Novel by Anthony Horowitz

The Killing Joke is a novel written by Anthony Horowitz, first published in 2004 by The Orion Publishing Group. It is a comedy thriller about a man called Guy Fletcher, who tries to track down the source of a joke.

==Plot summary==
Guy Fletcher is an actor who overhears a joke about his mother, a famous and much-loved actress (very few people know he is her son). The next day, he wonders where the joke came from and embarks on a mission to track down its origin. In the process, he falls in love with a woman called Sally. As he is investigating, he is noticed by a mysterious group led by a man called Rupert Liddy. They attempt to stop Guy, and eventually they frame him for his neighbor's murder, at which point Guy goes into hiding.

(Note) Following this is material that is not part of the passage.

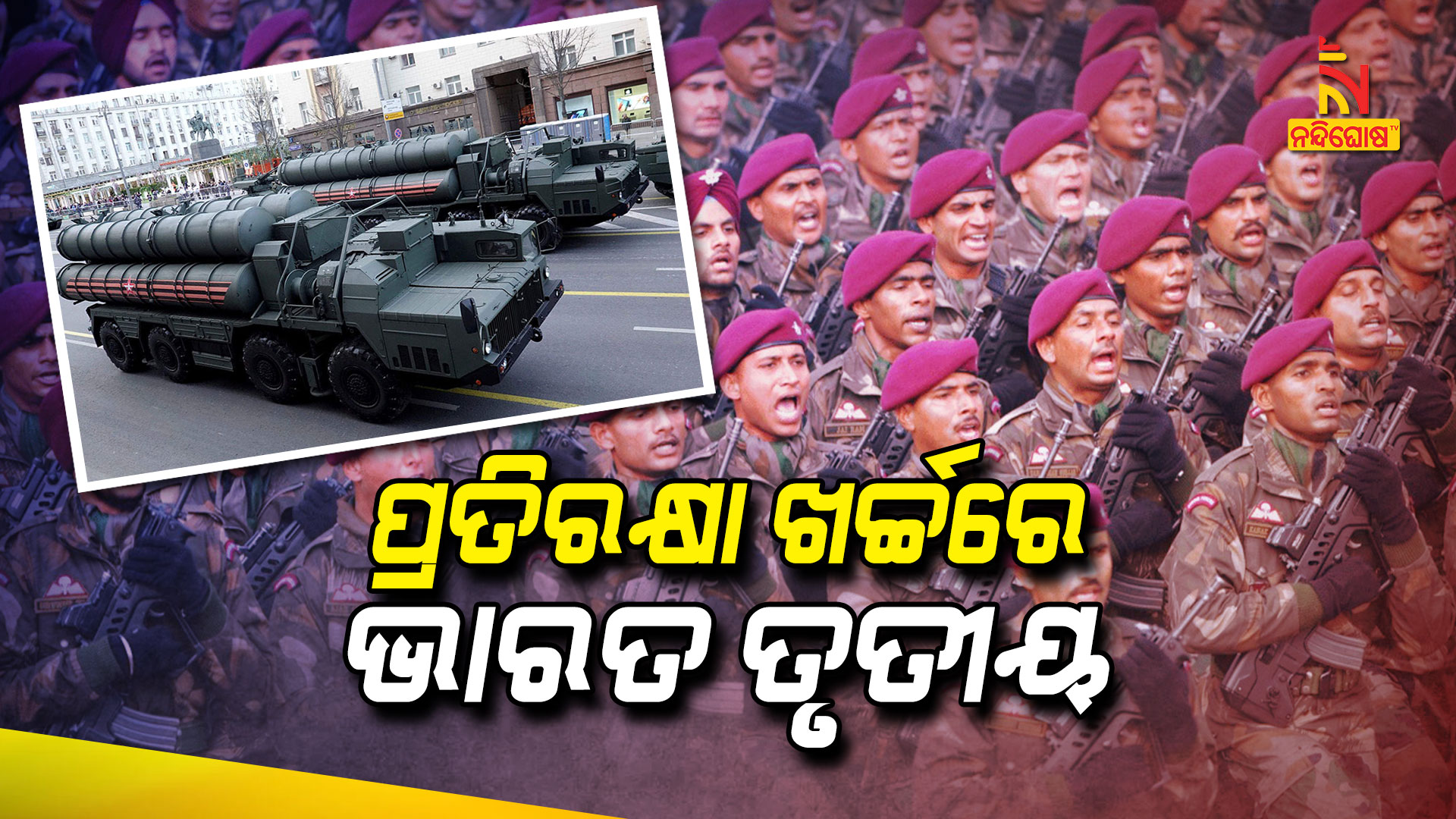 ବିଶ୍ବରେ ପ୍ରତିରକ୍ଷା କ୍ଷେତ୍ରରେ ଅଧିକ ବ୍ୟୟ କରୁଥିବା ପ୍ରଥମ ତିନିଟି ରାଷ୍ଟ୍ରଙ୍କ ମଧ୍ୟରେ ଭାରତ ରହିଛି । ଆମେରିକା, ଚୀନ୍ ପରେ ତୃତୀୟ ସ୍ଥାନରେ ରହିଛି ଭାରତ । ସ୍ବିଡେନର ଷ୍ଟକହୋମ ସ୍ଥିତ ଆନ୍ତର୍ଜାତିକ ଶାନ୍ତି ଗବେଷଣା ପ୍ରତିଷ୍ଠାନ – ଏସଆଇପିଆରଆଇ ପକ୍ଷରୁ ଜାରି ରିପୋର୍ଟରେ ଏହି ସୂଚନା ଦିଆଯାଇଛି ।

He goes back to Sally, believing her to be the last chance he has of finding out what was going on. Sally decides to go with Guy to track down the joke. His only lead, a company called Sphinx that apparently makes vacuum cleaners, is where one of the joke's trails ended. He tries to track down Sphinx, but when he rings their number, he is left holding for an hour before being redirected.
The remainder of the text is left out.